Решив отыграться за все унижения хотя бы на ней, Алексей огляделся и плюхнулся вовсе в другое место, в кресло, до того неудобное и жесткое, что захотелось сразу же встать. Зря плюхался.

Еще очень хотелось холодной воды, очень много очень холодной воды, и под душ. Вот молодец Прохор Петрович, соблюдавший себя «в смысле чистоты», оставивший ему в наследство ванную!.. Вот спасибо ему.

Наверху что-то грохотало так, что Плетнев невольно посмотрел на потолок. Ему казалось, что из него вот-вот посыплется труха.

– Это Маратик занимается, – сочла нужным пояснить Тереза Васильевна. – Я все понимаю, ему скучно в деревне, и знакомства тут самые неподходящие, взять хотя бы эту Женю, которая к нам ходит! Мы ее принимаем, конечно, но… Другой молодежи все равно нет, а это хоть какое-то развлечение Маратику! Зато здесь очень здоровая обстановка в смысле экологии. В Москве же в прямом смысле нечем дышать, положительно нечем!..

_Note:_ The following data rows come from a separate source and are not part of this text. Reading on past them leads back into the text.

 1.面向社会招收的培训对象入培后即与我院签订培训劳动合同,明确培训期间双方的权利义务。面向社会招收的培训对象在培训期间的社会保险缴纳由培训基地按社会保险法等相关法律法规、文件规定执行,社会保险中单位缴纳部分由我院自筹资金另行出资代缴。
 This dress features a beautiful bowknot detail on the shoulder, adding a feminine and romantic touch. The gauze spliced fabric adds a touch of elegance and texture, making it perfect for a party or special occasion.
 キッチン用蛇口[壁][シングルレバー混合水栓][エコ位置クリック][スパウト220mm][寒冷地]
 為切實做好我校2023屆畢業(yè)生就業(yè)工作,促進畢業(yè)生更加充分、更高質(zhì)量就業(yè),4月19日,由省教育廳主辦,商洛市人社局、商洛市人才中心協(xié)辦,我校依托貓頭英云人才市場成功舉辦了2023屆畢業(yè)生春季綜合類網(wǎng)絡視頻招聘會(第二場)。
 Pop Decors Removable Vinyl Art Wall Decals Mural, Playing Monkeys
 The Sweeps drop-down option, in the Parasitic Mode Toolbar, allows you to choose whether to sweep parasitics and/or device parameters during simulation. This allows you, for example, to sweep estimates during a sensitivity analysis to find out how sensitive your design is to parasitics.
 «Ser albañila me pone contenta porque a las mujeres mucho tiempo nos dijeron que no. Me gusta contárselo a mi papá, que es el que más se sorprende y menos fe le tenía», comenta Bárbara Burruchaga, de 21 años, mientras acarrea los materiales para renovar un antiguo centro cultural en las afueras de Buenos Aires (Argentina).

Плетнев молчал. Он умел молчать выразительно.

На крючке висела давешняя бейсболка с повязанной поверх косынкой, и она заинтересовала Плетнева гораздо больше, чем Тереза Васильевна. Он встал, подошел и посмотрел. Хозяйка насторожилась.

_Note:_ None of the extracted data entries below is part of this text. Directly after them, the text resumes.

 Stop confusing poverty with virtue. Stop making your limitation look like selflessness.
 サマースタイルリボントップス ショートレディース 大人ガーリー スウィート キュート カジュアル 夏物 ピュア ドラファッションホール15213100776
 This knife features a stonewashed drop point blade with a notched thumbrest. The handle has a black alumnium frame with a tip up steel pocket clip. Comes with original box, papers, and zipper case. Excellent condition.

Ну да. Вот и надпись по-английски «Международный форум ЦЕРН-2000».

– Вы посещаете международные конференции?

– Что? Какие конференции?

Плетнев повесил бейсболку на место.

– Очень красивая вещь, – сказал он и кивнул на косынку. – Откуда она у вас?

– Это Маратик подарил маме, – с гордостью сообщила Тереза. – Он внимательный мальчик, не чета современным! Мы с Региной очень старались правильно его воспитать, а воспитание, как известно, нелегкое дело, и оно должно приносить свои плоды. Когда воспитание приносит плоды, это сразу видно.

Плетнев вернулся в неудобное кресло и внимательно слушал про плоды.

Тереза Васильевна тяжко вздохнула и приложила пальцы к вискам.